Italian manufacturer Bormioli Luigi has entered a partnership with ecofriendly glass, LionGlass.

LionGlass is a family of glass engineered by researchers at Penn State University in the USA and is an alternative to standard soda lime silicate glass.

Bormioli Luigi is the first company to enter an official partnership with Penn State to perform research and development with the goal of scaling up, manufacturing and ultimately commercialising LionGlass.

Elisa Biavardi​​​​, chemical laboratory manager for Bormioli Luigi, said: “This is an enormous opportunity to work with this material and create a more sustainable glass with far less carbon dioxide (CO2) emissions and energy consumption than standard glass.

“I see it also as an opportunity to learn from one another as we explore the possibilities for this major innovation in glassmaking.”

The partnership will focus on scaling up LionGlass to create bottles for luxury beauty products like cosmetics and perfume.

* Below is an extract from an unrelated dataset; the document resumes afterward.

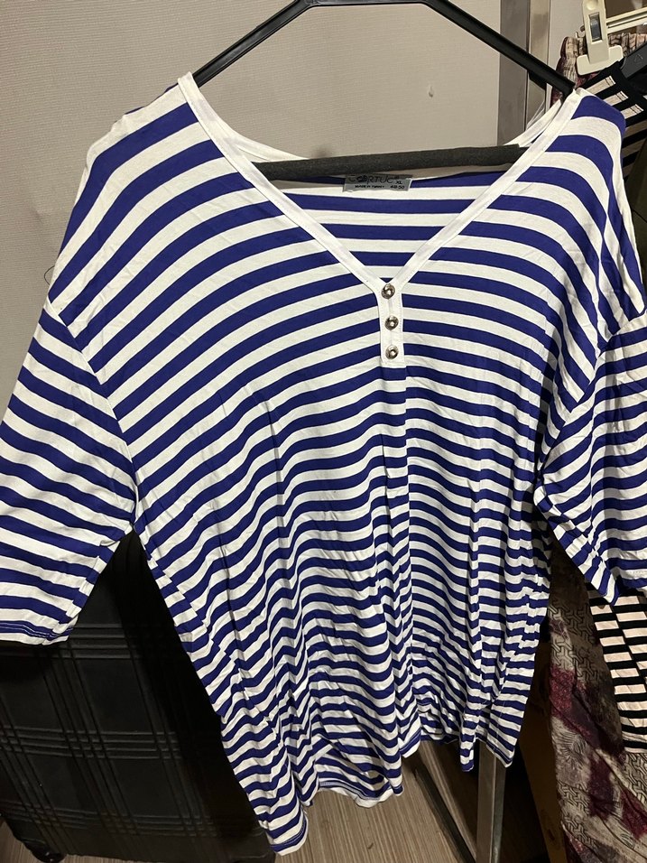 Düğmeli, kısa kollu, mavi beyaz çizgili hamile tişörtü. Pamuklu, rahat kesim ve günlük kullanım için uygun.

By focusing on a smaller, high-end market, the company can fine tune the glass and determine the feasibility of scaling it up further for other uses, Biavardi said.

LionGlass is a new type of glass that offers the first alternative to soda lime silicate glass, which has been used for thousands of years.

LionGlass eliminates the use of carbonate batch materials and has a melting temperature roughly 400 C lower than other everyday glass products, has the potential to cut the carbon footprint of glass manufacturing in half, explained John Mauro, the Dorothy Pate Enright Professor of Materials Science and Engineering at Penn State and co-inventor of LionGlass.

He added that LionGlass also offers improved damage resistance compared to soda lime silicate glass.

It’s roughly 10 times more crack-resistant, which could enable lightweighting of glass products, further reducing the carbon footprint of glass production by lowering the carbon emissions used to transport the glass.

Last year, Penn State filed a patent application for the composition of the first generation of LionGlass, which holds the potential to usher in a new era of sustainable glass manufacturing, Mauro said.

The university recently filed a second provisional patent application for the next generation of LionGlass with further improved properties.

Until now, LionGlass has been made in a lab setting using a crucible, a small, pot-shaped container used to melt glass at high furnace temperatures.

To produce LionGlass at an industrial scale, it will need to be melted in large batches inside massive furnaces and formed using moulds, something that has not yet been tested with the new family of glass.

The first year of the partnership will be dedicated in part to testing the feasibility of using the moulding technique with LionGlass in Bormioli’s existing manufacturing infrastructure.

Nicholas Clark, a postdoctoral fellow at Penn State and one of the inventors of LionGlass, said: “We’re translating what we're learning from the laboratory-scale, crucible melting that we're doing here at Penn State to a much larger scale of continuous glass production that's being done at Bormioli.

"It’s exciting for our work to be this close to a major industrial innovation.”